The output must be exactly the lines from the "2. 먼저 개인, 소상공인, 법인" line through the end of the listing below, with no picture included.

*** INFORMATION PROVIDED ***

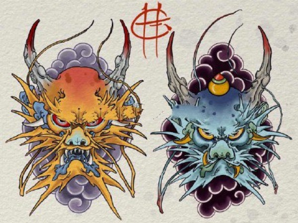 半甲唐狮手稿 传统的9款唐狮主题半甲纹身手稿图片
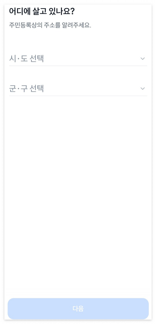 2. 먼저 개인, 소상공인, 법인 중에서 해당 되는 카테고리를 선택한 다음, 거주 지역을 선택합니다.
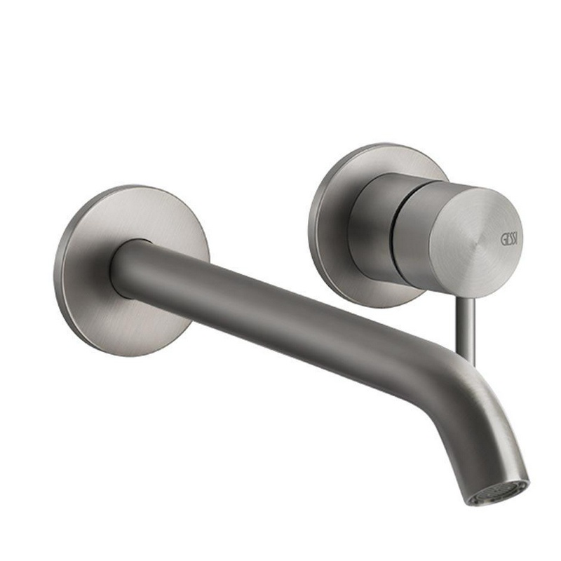 Смеситель для раковины, встраиваемый в стену, 2 ручк., излив 275мм, (цв. тертая сталь), 5mm ZZ
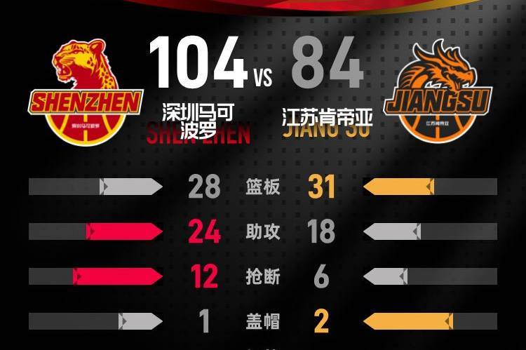 进入第四节比赛,贺希宁抛投得分打开局面,蒋浩然、斯塔克斯连续得分缩小分差,周鹏命中三分稳住优势。之后双方你来我往,分差始终维持在10分以上。贺希宁命中三分后,史密斯连拿5分,其中包括一记三分,分差重新回到20分。王浩然接周鹏助攻命中三分,分差扩大到21分,江苏队换下全部主力,比赛进入垃圾时间。终场前容子峰命中三分,贾尔斯最后跳投得分,最终深圳马可波罗以104-84击败江苏肯帝亚。

***

**SOLVED EXERCISE:**
 2. 먼저 개인, 소상공인, 법인 중에서 해당 되는 카테고리를 선택한 다음, 거주 지역을 선택합니다.
 Смеситель для раковины, встраиваемый в стену, 2 ручк., излив 275мм, (цв. тертая сталь), 5mm ZZ
 进入第四节比赛,贺希宁抛投得分打开局面,蒋浩然、斯塔克斯连续得分缩小分差,周鹏命中三分稳住优势。之后双方你来我往,分差始终维持在10分以上。贺希宁命中三分后,史密斯连拿5分,其中包括一记三分,分差重新回到20分。王浩然接周鹏助攻命中三分,分差扩大到21分,江苏队换下全部主力,比赛进入垃圾时间。终场前容子峰命中三分,贾尔斯最后跳投得分,最终深圳马可波罗以104-84击败江苏肯帝亚。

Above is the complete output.